When using MLR, a sequential approach to path analysis is often employed. Each endogenous variable is treated as a response variable with all variables that are expected to have a direct effect (and not an effect mediated by other variables) on it included as explanatory variables. The regression coefficients (β1 ... βn) are used as path coefficients (see Results and interpretation).
Figure 1: An Illustration of a path analysis diagram with two exogenous and two endogenous variables. Variables A and B are exogenous, while variables C and D are endogenous. The residual variance (i.e. variance not explained by other variables in the model) of each endogenous variable is represented by a path to an extraneous variable (Ri).

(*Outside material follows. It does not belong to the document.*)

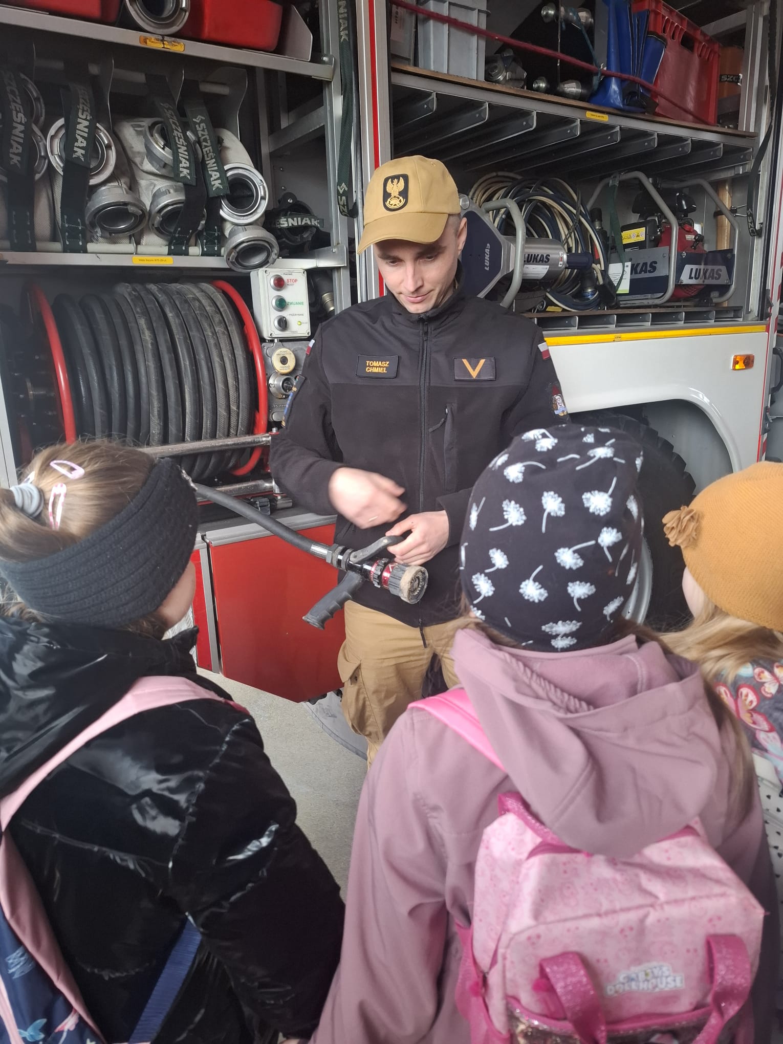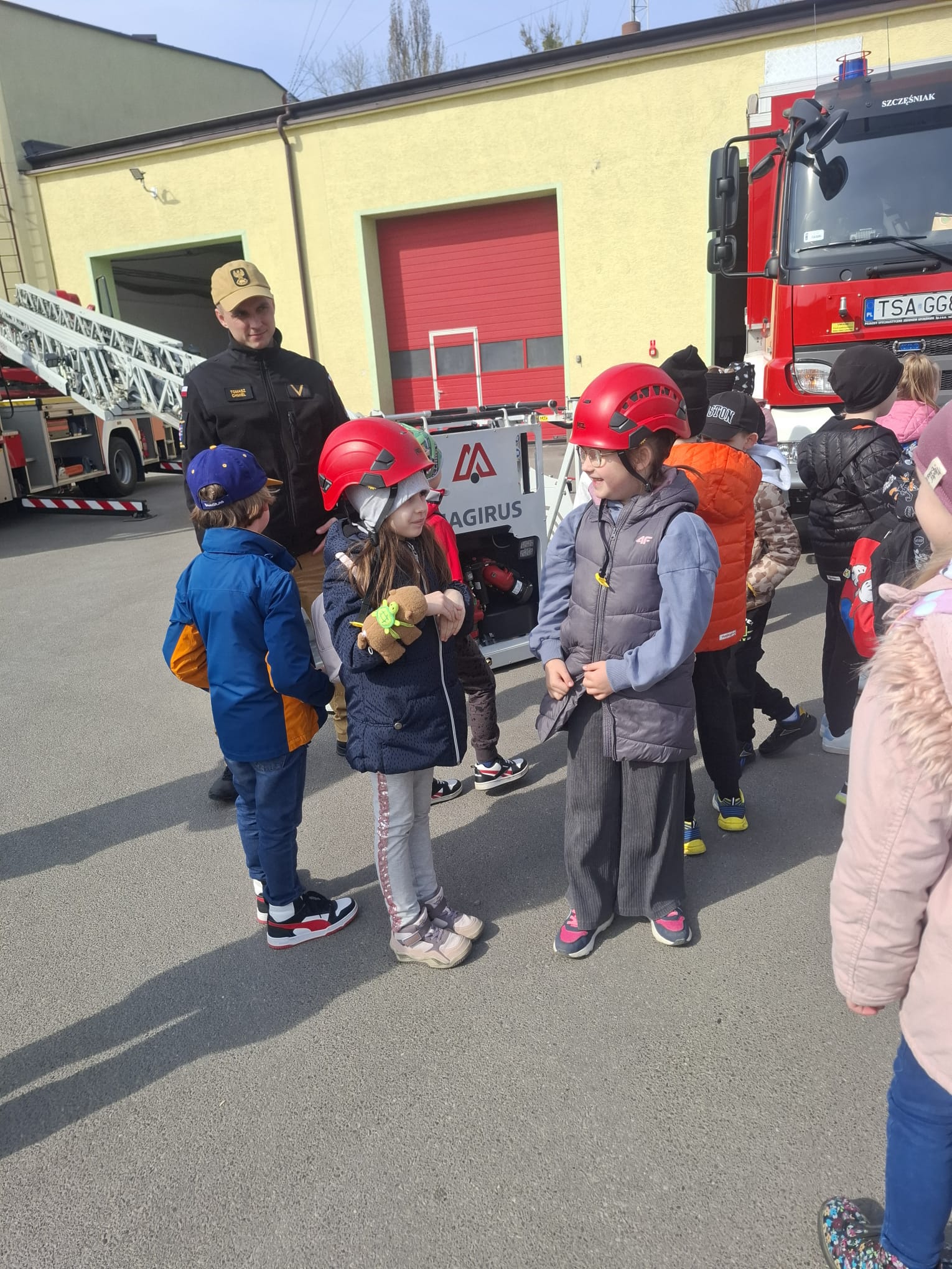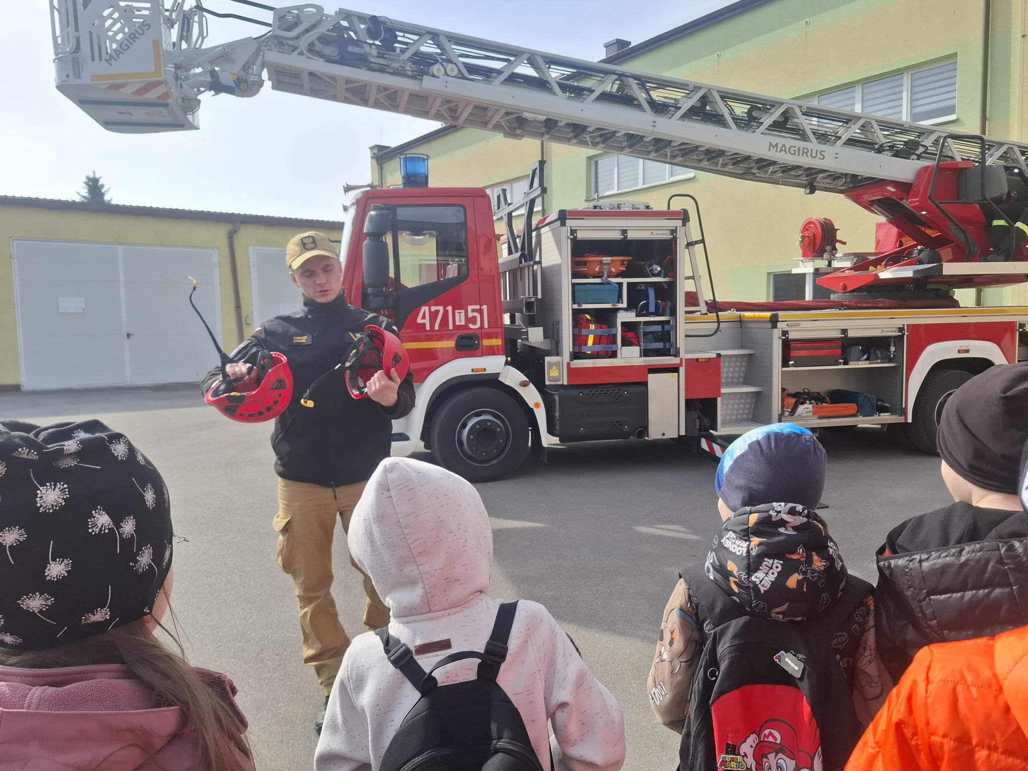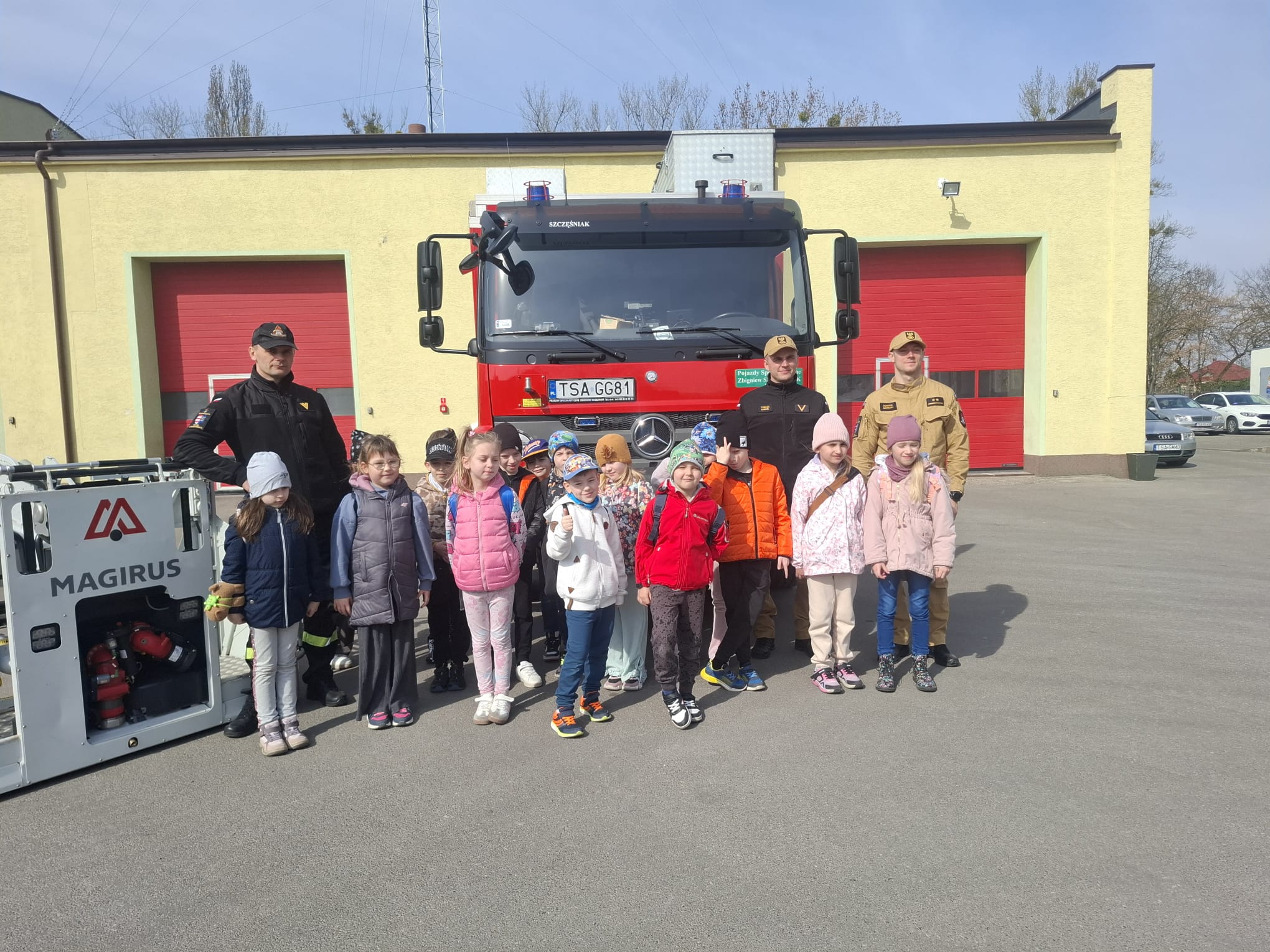 Spotkanie rozpoczęło się od serdecznego powitania uczestników przez strażaków, którzy przybliżyli dzieciom specyfikę swojej codziennej służby. Uczniowie mieli możliwość poznania zasad funkcjonowania jednostki, a także zobaczenia z bliska sprzętu wykorzystywanego podczas akcji ratowniczo-gaśniczych. Duże zainteresowanie wzbudziły wozy strażackie oraz specjalistyczne wyposażenie, które na co dzień pomaga ratować życie i mienie.

The associated regression equations for the endogenous variables, C and D, are:
C = pCAA + pCBB + RC
D = pDAA + pDBB + pDCB + RD
Note that all higher-order causal variables (i.e. variables that influence a given endogenous variable) are included in the regression equation of a given endogenous variable. All values in this figure are for illustrative purposes only.
Results and interpretation
A typical result of path analysis is a path diagram (Figure 1), which is similar to a directed graph. Variables are represented as nodes connected by arrows which represent the existence and strength of a relationship between them. These arrows are referred to as "paths" and point from the causal variable to the effect variable. Single-headed arrows are drawn to and from endogenous variables. Double-headed arrows are drawn when the direction of a relationship between two variables cannot be asserted (i.e. between exogenous variables). Each path has a path coefficient (see below).
Evaluating models
To evaluate a path analysis model, complete with theoretical path coefficients, one would compare how well the variable correlations predicted by the model match the correlations determined empirically. Models that better predict the empirical correlations are generally preferred, although ecological knowledge should always mediate in model selection.

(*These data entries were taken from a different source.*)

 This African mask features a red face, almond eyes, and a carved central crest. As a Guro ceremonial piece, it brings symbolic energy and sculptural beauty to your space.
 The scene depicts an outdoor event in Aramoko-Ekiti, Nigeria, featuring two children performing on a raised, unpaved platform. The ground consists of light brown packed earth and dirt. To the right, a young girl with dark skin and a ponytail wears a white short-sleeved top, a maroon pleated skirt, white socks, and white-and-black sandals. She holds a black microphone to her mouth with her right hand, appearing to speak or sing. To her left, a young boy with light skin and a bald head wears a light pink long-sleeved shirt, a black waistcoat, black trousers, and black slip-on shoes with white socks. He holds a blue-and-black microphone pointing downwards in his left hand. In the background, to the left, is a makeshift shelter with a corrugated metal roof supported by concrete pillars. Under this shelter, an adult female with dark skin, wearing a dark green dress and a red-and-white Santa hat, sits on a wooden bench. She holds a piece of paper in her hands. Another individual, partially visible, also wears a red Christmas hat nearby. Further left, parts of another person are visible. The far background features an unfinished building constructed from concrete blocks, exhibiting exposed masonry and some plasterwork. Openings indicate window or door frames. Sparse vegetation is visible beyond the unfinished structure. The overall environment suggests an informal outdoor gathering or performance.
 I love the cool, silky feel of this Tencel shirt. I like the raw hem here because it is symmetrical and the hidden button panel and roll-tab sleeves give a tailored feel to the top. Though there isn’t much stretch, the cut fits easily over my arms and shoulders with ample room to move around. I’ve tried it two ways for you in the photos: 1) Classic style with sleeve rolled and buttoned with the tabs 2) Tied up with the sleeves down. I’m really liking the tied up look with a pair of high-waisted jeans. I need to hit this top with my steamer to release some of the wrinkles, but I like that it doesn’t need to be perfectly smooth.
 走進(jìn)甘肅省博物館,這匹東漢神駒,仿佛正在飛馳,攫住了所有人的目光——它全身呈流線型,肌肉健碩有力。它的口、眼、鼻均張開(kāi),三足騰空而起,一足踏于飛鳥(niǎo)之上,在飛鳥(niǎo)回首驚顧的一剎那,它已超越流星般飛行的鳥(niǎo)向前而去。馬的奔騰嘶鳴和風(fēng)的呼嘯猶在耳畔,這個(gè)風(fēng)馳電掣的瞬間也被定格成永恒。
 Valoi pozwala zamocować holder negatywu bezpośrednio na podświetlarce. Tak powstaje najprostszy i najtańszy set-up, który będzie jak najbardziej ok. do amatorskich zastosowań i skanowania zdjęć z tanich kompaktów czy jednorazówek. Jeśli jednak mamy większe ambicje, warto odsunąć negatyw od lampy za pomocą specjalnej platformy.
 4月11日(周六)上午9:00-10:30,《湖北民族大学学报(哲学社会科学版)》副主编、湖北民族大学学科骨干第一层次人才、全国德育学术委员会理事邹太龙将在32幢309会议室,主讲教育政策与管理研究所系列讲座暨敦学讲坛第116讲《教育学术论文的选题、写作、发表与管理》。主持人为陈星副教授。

To arrive at the predicted correlations between a causal and effect variable, one sums the direct path coefficients between them. If the causal variable influences the effect variable indirectly (i.e. through one or more mediating variables) the products of all path coefficients from the causal to the effect variable are added to the total correlation value. In Figure 1, the correlation between variables A and D would be rAD = pDA + pDC × pCA.
The actual comparison between the predicted and calculated correlations is often done by squaring the difference between the predicted correlations and the calculated correlations, determining the mean of the results, and taking the square-root of that mean. This is known as the root mean square residual (RMSR). Other appropriate statistics, such as the chi-squared statistic, may also be used.
Identification
Following path analysis, parameters (e.g. path coefficients) and the model itself may have different levels of 'identification'. Simply put, the level of identification a parameter or model has depends on how well the data available (i.e. known information) can support the model's parameter estimates (unknown information). In general, it is desirable to have more known information than unknown information. In the MLR case, the known information is primarily (but not necessarily exclusively) comprised of the variances and covariances of variables that have been empirically measured.

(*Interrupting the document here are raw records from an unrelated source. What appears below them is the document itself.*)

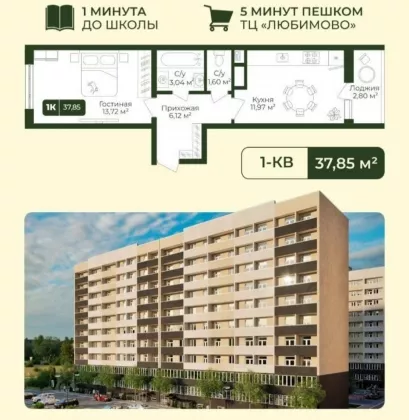 Рядом с домом новые школы, детские сады, парковые зоны с поющим фонтанами.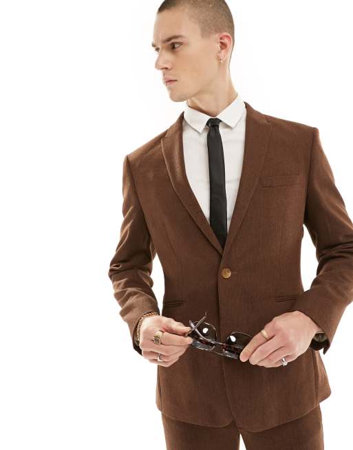 ASOS DESIGN Wedding – Brązowa dopasowana marynarka garniturowa z mieszanki wełny o koszykowym splocie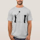 Brown baseball style shirt with black silhouette figures of a camera man and sound guy. On the back of the shirt is a single vintage camera, in black silhouette, near the neckline.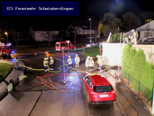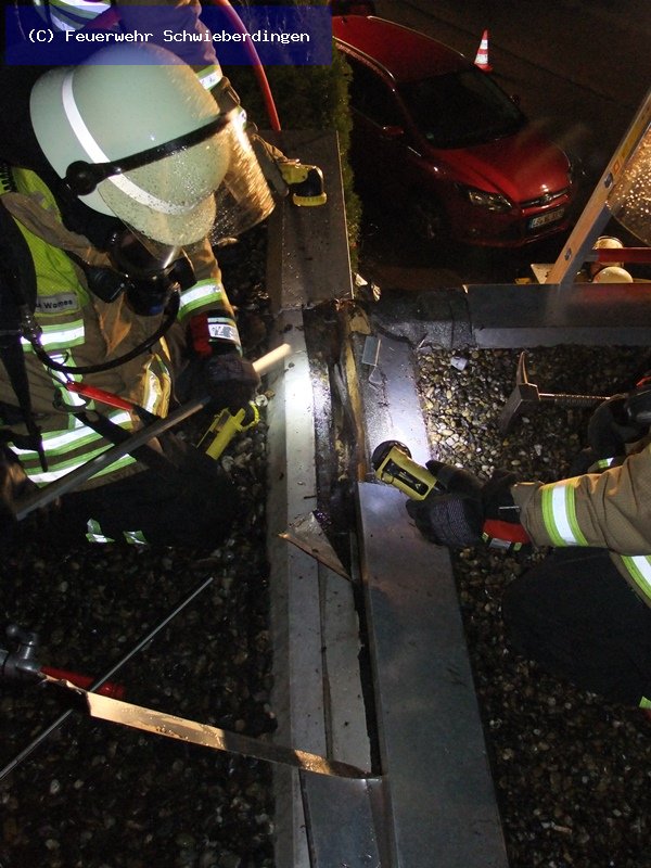 Ein Sachschaden von etwa 15.000 Euro entstand in der Nacht zum Sonntag im Kolberger Weg in Schwieberdingen durch einen Schwelbrand. Am Samstagmittag war mit einem Bunsenbrenner Unkraut im Bereich von privaten Garagen und einem angrenzenden Trafohauses eines Verteilernetzbetreibers entfernt worden. Vermutlich entwickelte sich hierbei unbemerkt ein Dehnfugenbrand im Bereich der Gebäude. Die Freiwillige Feuerwehr Schwieberdingen rückte gegen 03.10 Uhr mit 35 Wehrleuten und drei Fahrzeugen aus. Während der Löscharbeiten musste eine Metallverkleidung der Dächer der Garagen und des Trafohauses entfernt werden. Gegen 05.00 Uhr war der Brand vollständig gelöscht.

If multiple parameter estimates (unknowns) can reproduce the known relationships between variables, the information available is insufficient to identify a single, best estimate. Parameters that may have more than one solution are said to be under-identified. A model with under-identified parameters is itself, under-identified and cannot be used to determine which of the estimated parameters fit the data better than others.
In the case of an identified parameter (e.g. an identified path coefficient), a single optimal parameter estimate will fit the known information. Thus, identification also implies that there is sufficient data (and that the data fits all the necessary assumptions) to arrive at a given parameter estimate. If all the parameters in a model are identified, the model itself can be said to be identified. If the known relationships between variables are 'just' sufficient enough to allow each parameter in the model to be identified, the model is considered 'just identified'. Any less known information or any more unknown information would lead to under-identification (see below). Just-identified models can only fit the data available in a single way and thus are not necessarily very interesting for model testing purposes.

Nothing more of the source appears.